The “less publicized” reason the Dutch are the happiest kids in the world.
Are there dangers in giving kids too much freedom?
It’s the bicycle. It’s the vehicle for freedom.
It sounds so simple (and it is), but the equivalent in the United States would be at age 16 when kids get a driver’s license. It’s a license for freedom–but they have to wait for 16 years.
In The Netherlands, the bike reigns king. The country is flat and crawling with bike paths. Not just a lane on the side of the road, but more often than not, dedicated paths separate from the roads. There are even yield triangles painted on the ground so they know when to yield to cars and when they have the right of way. There are even stop lights complete with green, yellow and red. It’s practically a Disney-esque existence of a miniature world that I only knew from my Tyco train set. It’s a dream.
I’m poking fun at fellow Driebergen resident Rina Mae Acosta and her bestselling book, “The Happiest Kids in the World,” which is rocking the charts and helping parents around the world learn the way of the happy Dutch.

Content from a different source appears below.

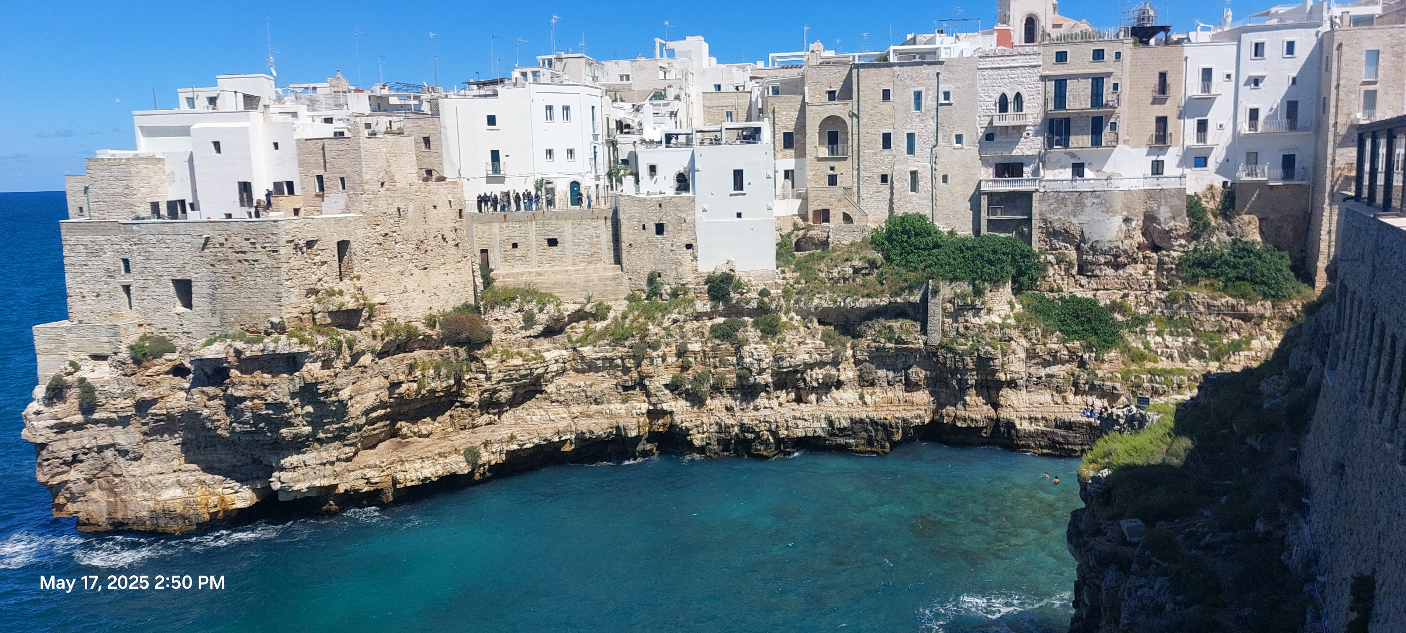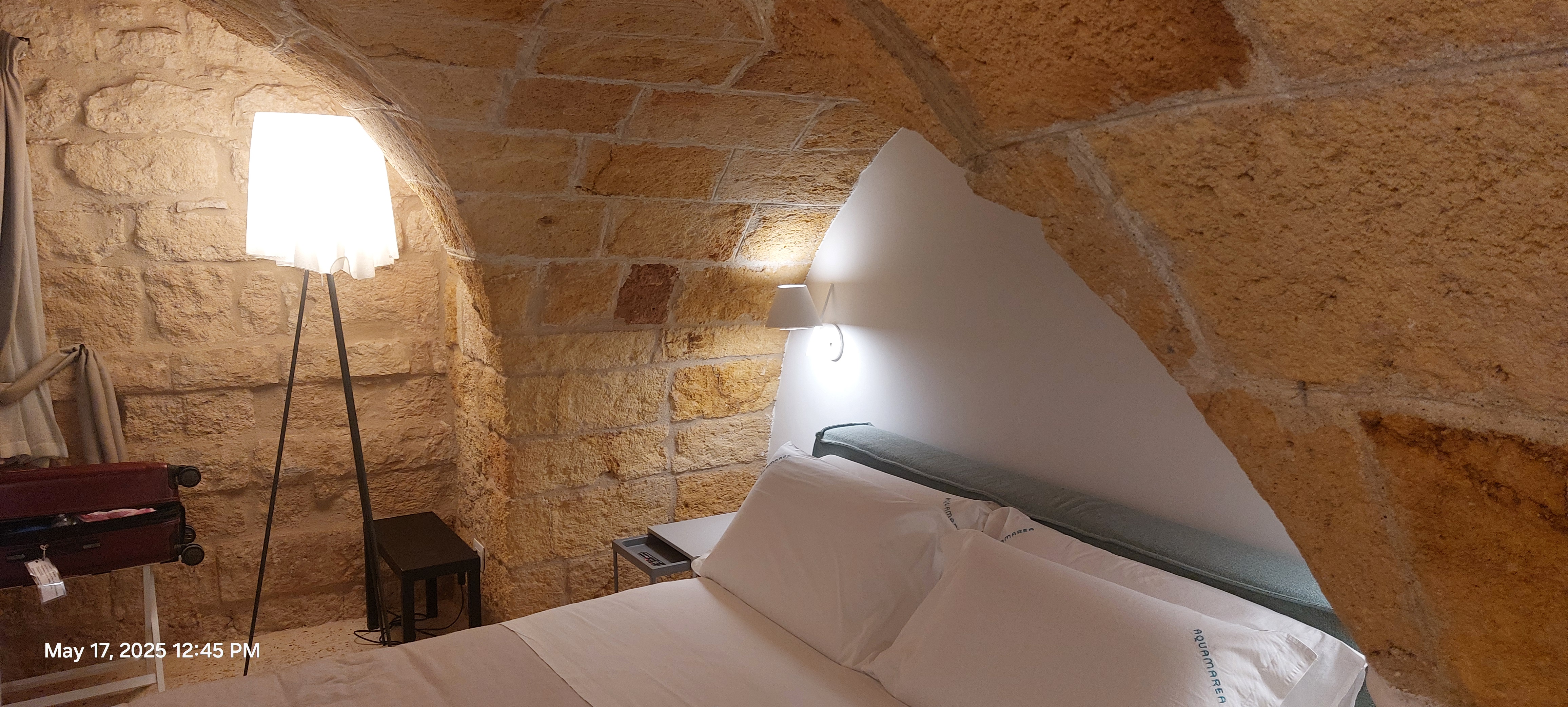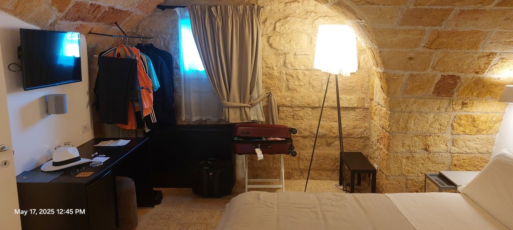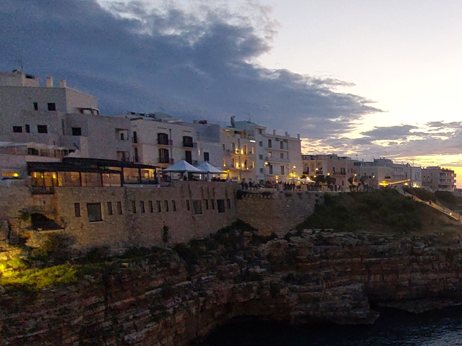 In my web search for “what to do” in Bari, all the agencies promoted a day trip to picturesque Polignano a Mare, so I had booked two nights there, thinking you can’t know a city on a day trip. The hotel arranged a driver for the pleasant ride of 35 minutes, more enjoyable for me since it was my first long conversation in Italian with loquacious driver Gerry (Geronimo). The hotel I reserved, Aquamarea, i,s located within the walled city of narrow streets, off limits to cars, so Gerry phoned reception to get arrival instructions to a nearby piazza. A hotel staff member, Cristiana, and another woman led me from the piazza to the hotel and helped with the luggage. (Wheels don’t work well on cobbled streets). The description of Aquamarea on Booking.com did not say there were only four rooms, nor was I aware that the room I booked was down a staircase into a cellar. I had read descriptions of so many hotels before booking, I neglected to look at all the photos or I would have seen the stairway and other photos that would have concerned me. My “deluxe” room might be a charming grotto to some; for me it was a claustrophobic cave. The narrow staircase had a railing only part way and, as an octogenarian, I am wary of falls that have had drastic consequences for several friends. The “sea view” in the list of amenities was a small window about two feet square, the only natural light in the room, and you had to go right up to it and strain to get a partial view of the water. Due to my crestfallen reaction and the upper rooms occupied, Cristiana took me to see a spacious room in a neighboring hotel for 200 euros more, or she said I could have a room for the same price in another hotel, “not nearby.” I decided to swallow the disappointment for two nights and later regretted the decision.

So my 11-year old can pretty much go where he pleases after school on his bike. He might come home, he might go to a friend’s house. Or, even better, if he has a few coins, he might go with the friend and load up on as much junk food as financially possible.
He goes to the store, does a quick cost-benefit analysis of quantity of junk as related to cost, collaborates with accomplices and head to the checkout. Some more advanced specimens even have a Bonus Card where they can get deals and discounts thus increasing the junk-to-euro ratio.
As seen in the evidence (see Exhibit A, photo above), when left to their own devices, it’s not going to be carrots and fresh-squeezed orange juice. For one, that’s way too expensive. Nope, we’re talking the nacho cheesiest of chips and the sweetest of drinks.
At least they abide by the “No Soda” rule of the household, although some of those sugary ice tea drinks have as much sugar as the soda.
Rina talks about the freedom of the children in Holland and how they mature through experience and the lack of helicopter parenting. I wholeheartedly agree. But if you ask my kids why they’re happy, it’s going to come down to chips and green iced tea. What they’re really saying is that they have independence, freedom, and choice. But they can’t say all of that because their mouths are full of joy.